Izberbash Pedagogical College (Избербашский педагогический колледж), officially designated the M. M. Medzhidov Professional and Pedagogical College, is among the oldest institutions of public education in Dagestan and served as the first center in the republic for the training of schoolteachers. It traces its origins to the Temir-Khan-Shura Real School (in present-day Buynaksk), which was established in 1880. The college functions as a state-funded institution of secondary vocational education and is in the city of Izberbash, Dagestan.
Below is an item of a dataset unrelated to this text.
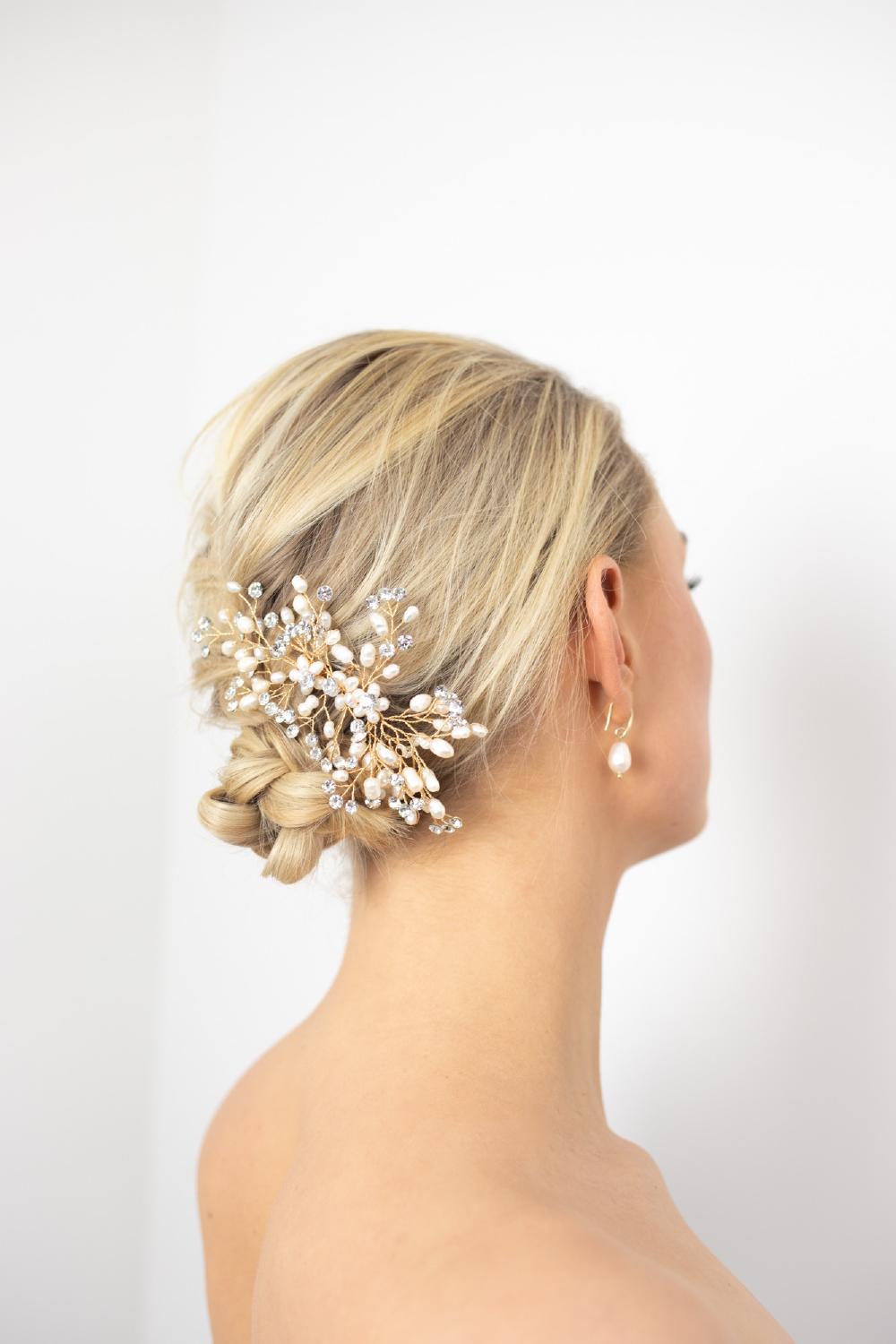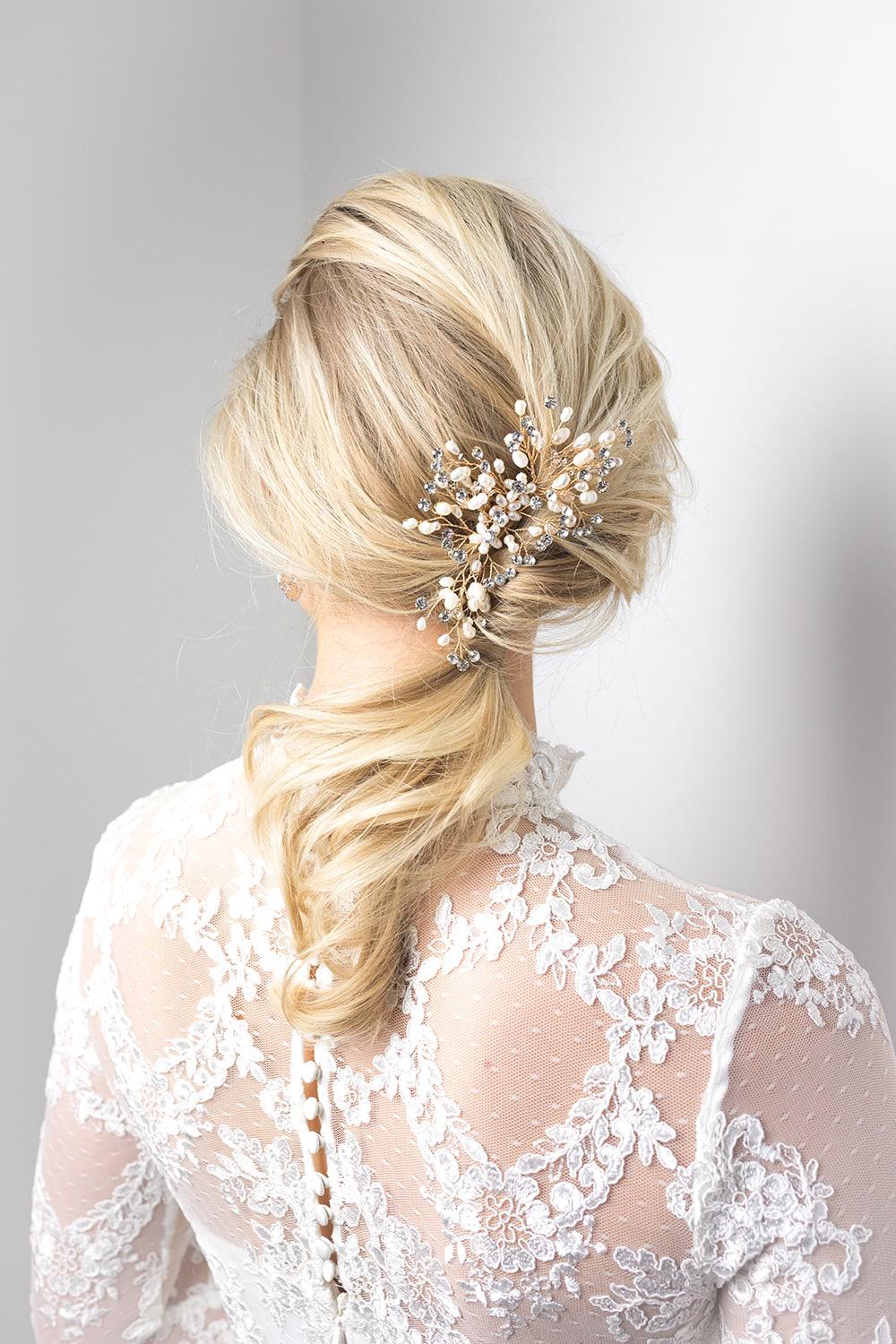 Der Haarkamm Madison ist ein umwerfendes handgefertigtes Stück aus der Abrazi Brautkollektion. Der rhodinierte Haardamm ist mit SüßwasserPerlenn und Kristallen verziert und kann mit vielen verschiedenen Frisuren wie Hochsteckfrisuren und Zöpfen getragen werden, damit Sie die elegantesten Hochzeitsfrisuren kreieren können.
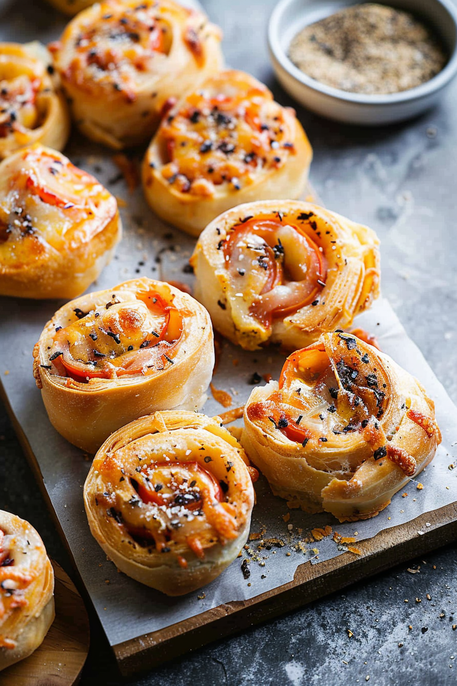 Delicious golden-brown pizza rolls with cheese and pepperoni, topped with sesame seeds, on a wooden board with spices.

Its academic structure comprises three departments: music, art and graphics, and elementary education.

== History ==
=== Temir-Khan-Shura ===
The Temir-Khan-Shura Real School was officially opened on September 8, 1880, although its origins go back to 1878. In 1892, the institution was renamed the Provincial Real School of Temir-Khan-Shura, a title it carried until 1922. That year marked the inauguration of the First Dagestan State Pedagogical Technical School in Temir-Khan-Shura (present-day Buynaksk). This was the first specialized educational institution in the republic’s history, created to train teachers, provide them with teaching materials, and maintain a boarding facility. The school’s first graduating class completed their studies in May 1925, with 17 students receiving diplomas. Following the introduction of compulsory universal primary education in 1930, these graduates played an important role in putting the new policy into practice.

=== Buynaksk ===
In 1939, after the city was renamed Buynaksk, the institution itself became known as the Buynaksk Pedagogical College. It carried out this name until 1946, when it was redesignated as the First Dagestan Pedagogical College, a title it would hold for nearly three decades, until 1975.

=== Izberbash ===
In 1970, in the aftermath of a devastating earthquake in Dagestan, the First Dagestan Pedagogical College was relocated from Buynaksk to Izberbash. In 1973, after being transferred to the city of Izberbash, the Sergokalinsk Pedagogical School was renamed the Izberbash Pedagogical School. In 1976, it was merged with the Izberbash Pedagogical School, consolidating their resources and traditions. From 1975 until 1995, the institution functioned under this combined structure.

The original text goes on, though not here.